(Task brief) The answer must be an exact copy of the lines from the one with "在拿到了這兩本書之后,我們在" through the final line of the records below, with no pictures.

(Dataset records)
= = = = = = =
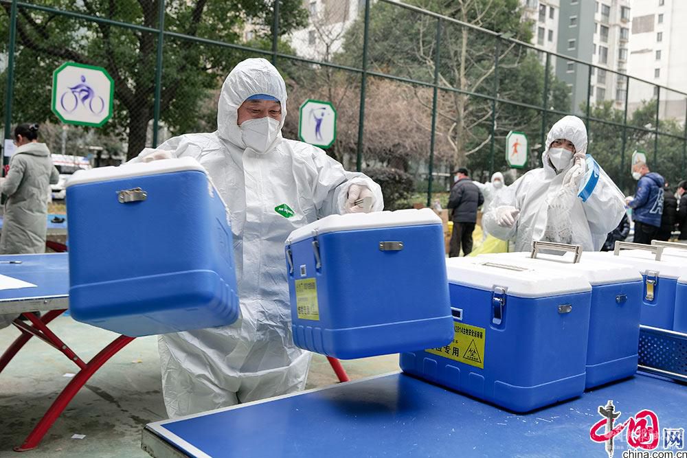 2月16日,苏州高新区浒墅关镇某小区核酸检测,志愿者准备将核酸检测样本装车送至检测实验室。嘉诚摄影
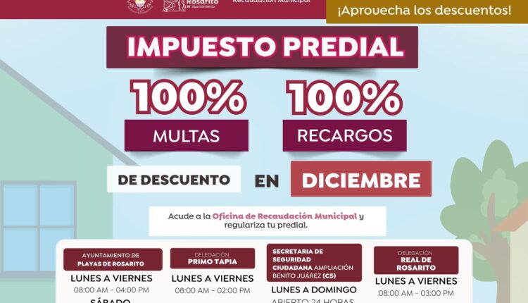 Se invita a todas y todos los rosaritenses a aprovechar este beneficio disponible únicamente durante el mes de diciembre. Con responsabilidad compartida, Rosarito continúa avanzando hacia un municipio más próspero y con mejores oportunidades para todas las familias.
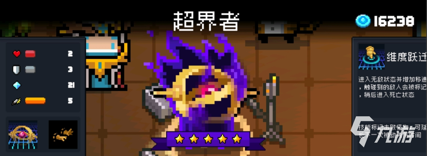 在拿到了這兩本書之后,我們在大廳向右走,這里有一個鍛造臺,我們將書在這里合并,就能夠解鎖超界者了。接下來介紹一下這個角色的技能,技能觸發(fā)后,隱身并且變得無敵,觸碰到的敵人在一段時間后會直接死亡,BOSS除外,還是非常強力的,畢竟獲得十分困難。
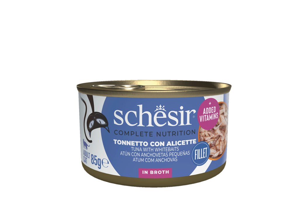Schesir Cat Complete & Balanced Wet Adult - Tuňák s ančovičkami ve vývaru je kompletní a vyvážené krmivo ve formě filetů z tuňáka a celých kousků ančoviček určené pro dospělé kočky. Doplnené o vitaminy a minerální látky z něj dělají plnohodnotné krmivo vhodné na každý den.
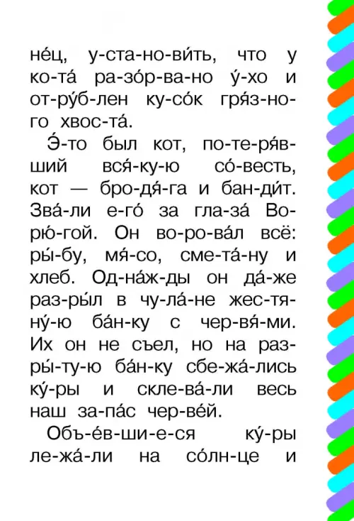 Ваш малыш уже знает буквы и его ручки тянутся к книжкам? Покажите ему серию «Сам читаю по слогам». Это книжки небольшого формата, с большими буквами, и все слова разбиты на слоги с ударениями. В этой серии собраны лучшие произведения классиков детской литературы — С. Маршака, С. Михалкова, Э. Успенского, Г. Остера, В. Сутеева и других знаменитых писателей и поэтов. Каждую книгу маленькие мальчики и девочки смогут прочитать сами от начала и до конца. А потом будут гордо говорить: «Вот мои первые прочитанные книжки. Хочу читать ещё!». В этой книге малыши прочитают весёлую историю
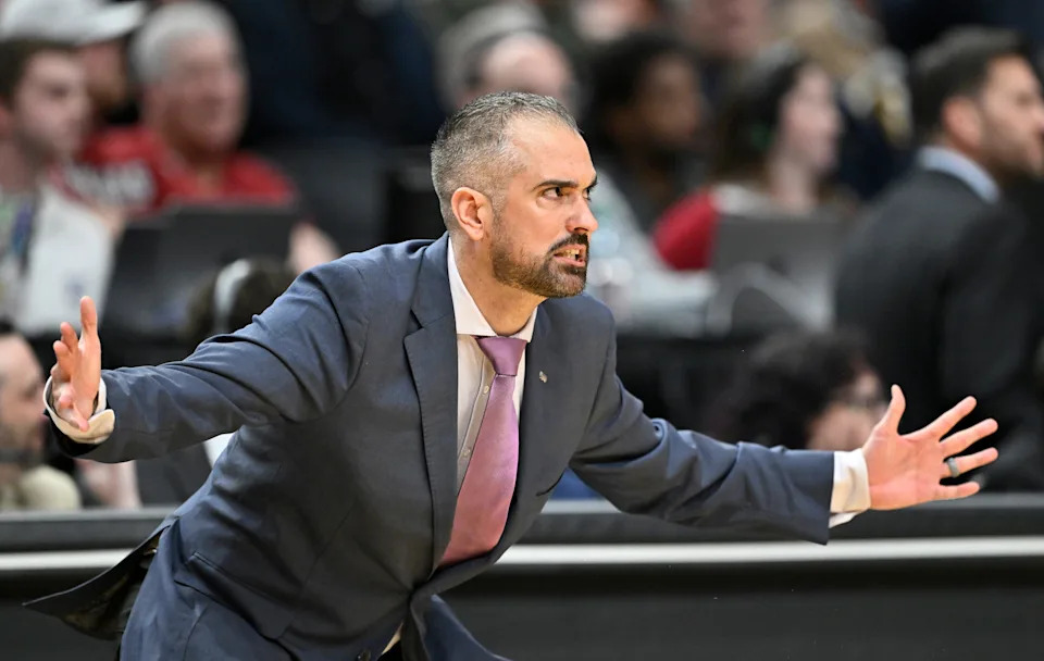 Mar 21, 2026; Portland, OR, USA; High Point Panthers head coach Flynn Clayman in the first half against the Arkansas Razorbacks during a second round game of the men’s 2026 NCAA Tournament at Moda Center. Mandatory Credit: Craig Strobeck-Imagn Images
= = = = = = =
(Solved problem)
 在拿到了這兩本書之后,我們在大廳向右走,這里有一個鍛造臺,我們將書在這里合并,就能夠解鎖超界者了。接下來介紹一下這個角色的技能,技能觸發(fā)后,隱身并且變得無敵,觸碰到的敵人在一段時間后會直接死亡,BOSS除外,還是非常強力的,畢竟獲得十分困難。
Schesir Cat Complete & Balanced Wet Adult - Tuňák s ančovičkami ve vývaru je kompletní a vyvážené krmivo ve formě filetů z tuňáka a celých kousků ančoviček určené pro dospělé kočky. Doplnené o vitaminy a minerální látky z něj dělají plnohodnotné krmivo vhodné na každý den.
 Ваш малыш уже знает буквы и его ручки тянутся к книжкам? Покажите ему серию «Сам читаю по слогам». Это книжки небольшого формата, с большими буквами, и все слова разбиты на слоги с ударениями. В этой серии собраны лучшие произведения классиков детской литературы — С. Маршака, С. Михалкова, Э. Успенского, Г. Остера, В. Сутеева и других знаменитых писателей и поэтов. Каждую книгу маленькие мальчики и девочки смогут прочитать сами от начала и до конца. А потом будут гордо говорить: «Вот мои первые прочитанные книжки. Хочу читать ещё!». В этой книге малыши прочитают весёлую историю
 Mar 21, 2026; Portland, OR, USA; High Point Panthers head coach Flynn Clayman in the first half against the Arkansas Razorbacks during a second round game of the men’s 2026 NCAA Tournament at Moda Center. Mandatory Credit: Craig Strobeck-Imagn Images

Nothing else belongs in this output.